В.В. Розанов
Кто был организатором нашей классической системы

На главную

Произведения В.В. Розанова



Всякая вещь познается через рассматривание ее подробностей. До сих пор говорится и пишется: «Наш классицизм и гр. Д.А. Толстой и Катков», или еще: «Катков и Леонтьев и гр. Д.А. Толстой и русская классическая гимназия». Таким образом, существовавшее до последнего времени построение нашей классической системы с ее экстемпоралиями становится как бы под защиту не только даровитых, но признанно даровитых людей. И весьма многим кажется совершенно невероятным, чтобы люди такого полета ума, такой энергии характера, отчасти — таких русских чувств могли придумать и насадить только экстемпоралии. «Что-то не так», «чего-то мы не понимаем»; «может быть здесь клевета, а не полная действительность». Далее, когда читаешь подлинные статьи Каткова, посвященные классицизму и собранные и изданные покойным московским педагогом и ученым Л. Поливановым, действительно читаешь не аргументацию в пользу экстемпоралии; но ссылки на вековой опыт Европы, на примеры английских Оксфорда, Кембриджа и Итона слышишь имена Эразма и Рейхлина и указание на плеяду великих ораторов Англии и ученых Германии. Потом переводишь взгляд на русскую действительность и видишь: экстемпоралии. Закрывается подозрение, что тут есть действительно какое-то недоумение, что-то непонятное, какая-то фальшь.

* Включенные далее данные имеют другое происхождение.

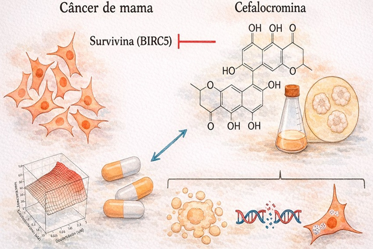 A cefalocromina, substância isolada a partir de um fungo da espécie Alternaria sp., mostrou-se ativa contra células de um tipo de câncer de mama agressivo, indicando importante potencial antineoplásico. Quando combinado a quimioterápicos comumente utilizados no tratamento da doença, o composto ainda intensificou a ação dos medicamentos. O artigo que apresenta estes resultados foi publicado na revista científica Journal of Natural Products por pesquisadores do Instituto de Ciências Biomédicas da USP (ICB-USP).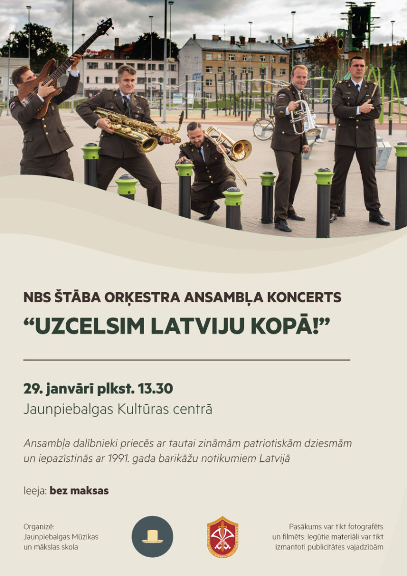 Ceturtdien, 29. janvarī, plkst. 13.30 Jaunpiebalgas Kultūras centrā notiks NBS Štāba orķestra ansambļa koncerts "Uzcelsim Latviju kopā".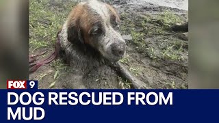 Rescuers Dig Through Deep Mud to Save a Dog Trapped Up to Its Neck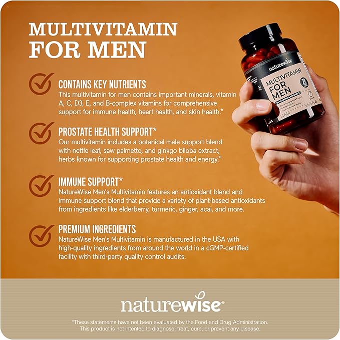 - PREMIUM INGREDIENTS: NatureWise Men's Multivitamin is manufactured in the USA with high-quality ingredients from around the world in a cGMP-certified facility with third-party quality control audits.
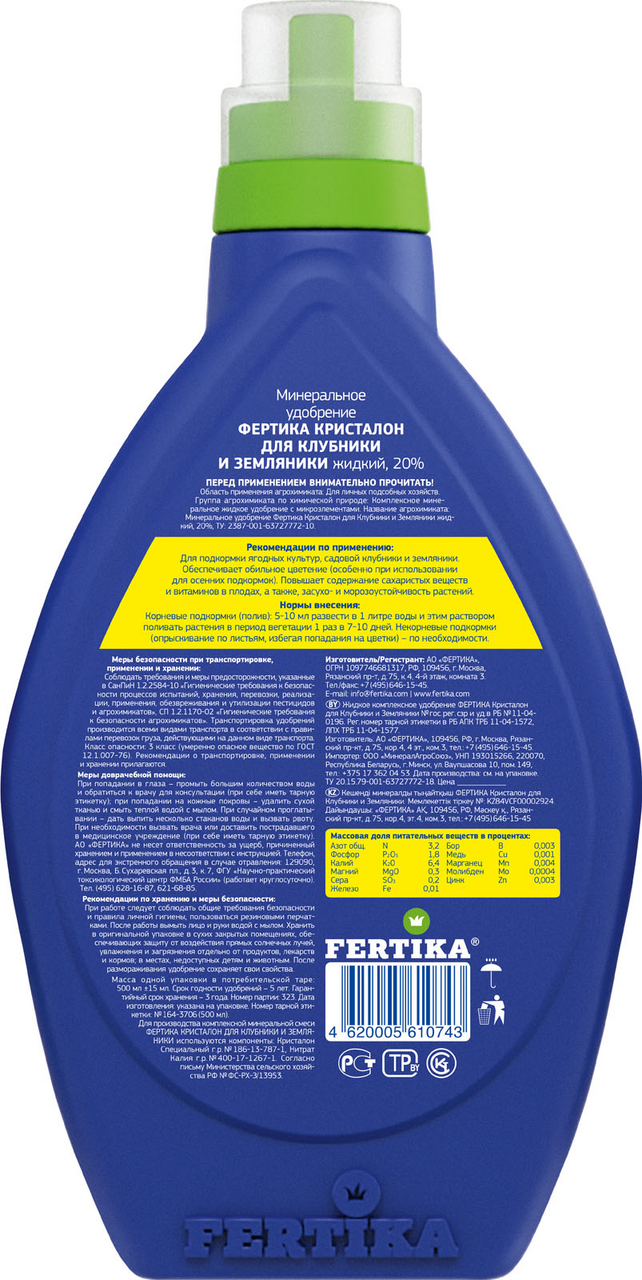 Удобрение Fertika Kristalon для клубники, 500мл представляет собой продукцию, которая включает в себя целый комплекс из микроэлементов и минералов. Идеально подходит для дачного или садового участка. При грамотном использовании средство способствует правильному росту и развитию растений. Благодаря этому можно добиться обильного цветения и хорошего урожая в любой сезон. Продукция разработана специально для того, чтобы использоваться в качестве подкормки для земляники, садовой клубники, плодово-ягодных культур. Она позволяет избежать появления и развития магниевого и железного хлороза листьев. Также с ее помощью можно увеличить содержание витаминов и сахаристых веществ в плодах. Дополнительно удобрение способствует увеличению засухо- и морозоустойчивости растений. Чтобы улучшить результаты до максимально возможных показателей, рекомендуется прибегать к осенней подкормке ягодных кустов. Средство поставляется в виде жидкого концентрата в удобной пластиковой упаковке. Оно отличается экономичным расходом. Способ применения простой – в 1 л воды нужно развести 8-10 мл продукции. Получившимся раствором необходимо подкармливать растения в весенний сезон при возобновлении вегетации и в фазе, когда у растений формируются бутоны. Также удобрение можно использовать после сбора урожая – в этом случае растения в некоторой степени восполняет свои жизненные силы. Приблизительный расход готового раствора составляет 2-3 л на каждый квадратный метр.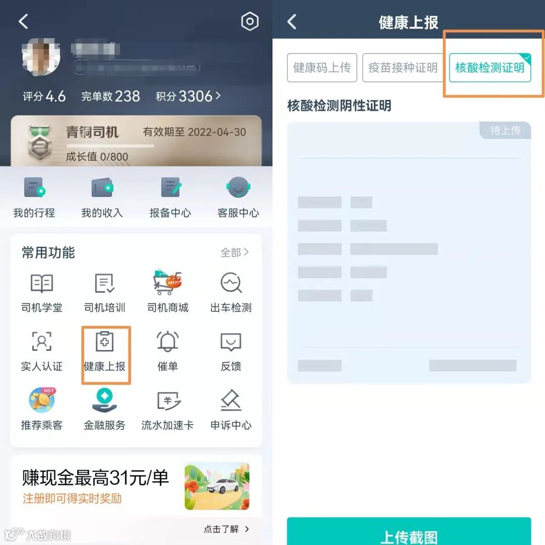 加强从业人员核酸检测。 即日起,网约车驾驶员每天进行一次核酸检测,或每间隔24小时交替进行一次核酸检测和一次抗原检测。并将检测结果上传至享道司机端—个人中心—健康上报。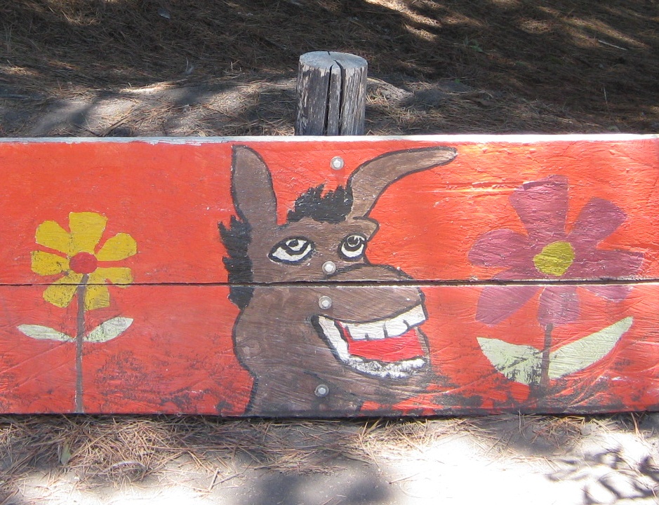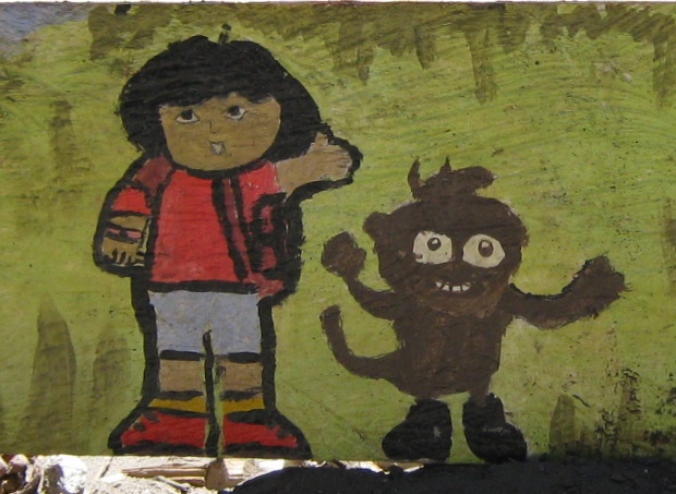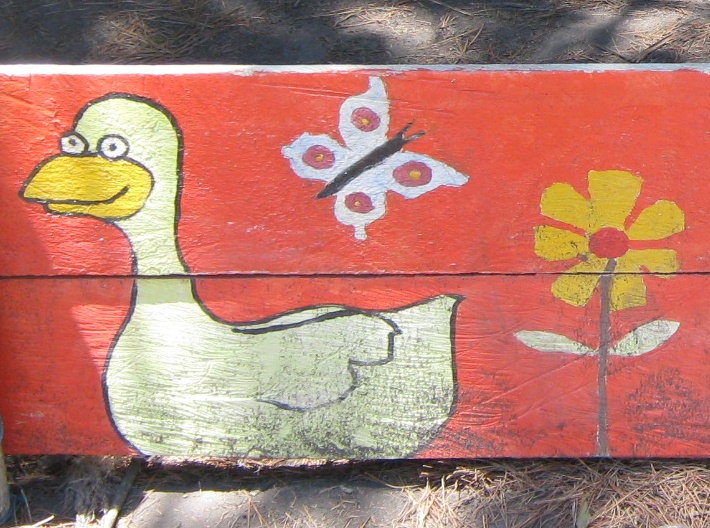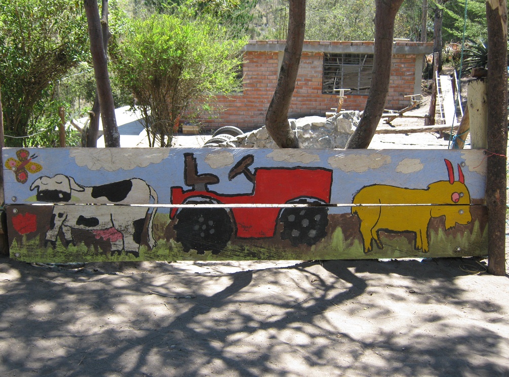 Diese Malerei mit dem Traktor ist für die Sierra unrealistisch, denn alle Feldarbeit in den Anden wird noch von Hand gemacht, und für die kleinen Felder lohnt sich auch kein Traktor. Hier wurde also irgendein "Fortschrittsglaube" eines Buches nachgemalt.
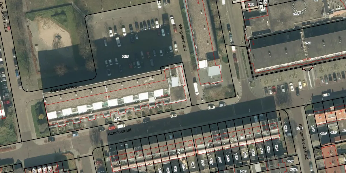 Weigeliastraat 91 is gelegen op kadastraal perceel BDA00E7592. Deze kadastrale aanduiding is uniek en wordt gebruikt door het Kadaster om eigendomsrechten en andere zakelijke rechten vast te leggen. Het perceel maakt onderdeel uit van de kadastrale gemeente Breda.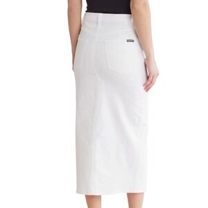 Chic and sophisticated midi skirt in a crisp white denim. The streamlined silhouette features a flattering high waist and a sleek, elongating front slit for ease of movement. Classic five-pocket styling adds a touch of casual cool, while the midi length makes it versatile for both day and night. This skirt is the perfect statement piece for brunch dates, evening outings, or stylish everyday wear.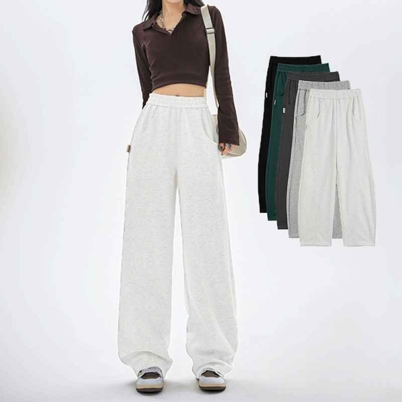 - スウェットパンツ スポーツボトムス ロング丈 イージーパンツ ウエストゴム ダンス衣装 ワンサイズ(L) ライトグレー

Но очень трудно догадаться, что первым обманутым человеком здесь был Катков, пожалуй — Катков и Толстой; что они действительно искренно верили и были искренно доброжелательны, но один так увлечен был своим гордо-властительным характером, а другой — своим красноречием и ролью «Минина и Пожарского», что решительно не опустили взора долу, и не смотрели, что такое делается в русских губерниях, в русских губернских и уездных гимназиях и прогимназиях.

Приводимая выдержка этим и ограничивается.